Correlation Between Evergy, and FirstEnergy
Can any of the company-specific risk be diversified away by investing in both Evergy, and FirstEnergy at the same time? Although using a correlation coefficient on its own may not help to predict future stock returns, this module helps to understand the diversifiable risk of combining Evergy, and FirstEnergy into the same portfolio, which is an essential part of the fundamental portfolio management process.
By analyzing existing cross correlation between Evergy, and FirstEnergy, you can compare the effects of market volatilities on Evergy, and FirstEnergy and check how they will diversify away market risk if combined in the same portfolio for a given time horizon. You can also utilize pair trading strategies of matching a long position in Evergy, with a short position of FirstEnergy. Check out your portfolio center. Please also check ongoing floating volatility patterns of Evergy, and FirstEnergy.

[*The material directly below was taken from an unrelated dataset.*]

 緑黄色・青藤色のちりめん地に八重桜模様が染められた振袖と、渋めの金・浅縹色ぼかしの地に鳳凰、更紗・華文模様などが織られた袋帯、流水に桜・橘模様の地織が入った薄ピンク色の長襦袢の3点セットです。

Diversification Opportunities for Evergy, and FirstEnergy
0.38 | Correlation Coefficient |
Weak diversification
The 3 months correlation between Evergy, and FirstEnergy is 0.38. Overlapping area represents the amount of risk that can be diversified away by holding Evergy, and FirstEnergy in the same portfolio, assuming nothing else is changed. The correlation between historical prices or returns on FirstEnergy and Evergy, is a relative statistical measure of the degree to which these equity instruments tend to move together. The correlation coefficient measures the extent to which returns on Evergy, are associated (or correlated) with FirstEnergy. Values of the correlation coefficient range from -1 to +1, where. The correlation of zero (0) is possible when the price movement of FirstEnergy has no effect on the direction of Evergy, i.e., Evergy, and FirstEnergy go up and down completely randomly.
Pair Corralation between Evergy, and FirstEnergy
Given the investment horizon of 90 days Evergy, is expected to generate 0.61 times more return on investment than FirstEnergy. However, Evergy, is 1.64 times less risky than FirstEnergy. It trades about 0.11 of its potential returns per unit of risk. FirstEnergy is currently generating about -0.04 per unit of risk. If you would invest 6,038 in Evergy, on December 30, 2024 and sell it today you would earn a total of 749.00 from holding Evergy, or generate 12.4% return on investment over 90 days.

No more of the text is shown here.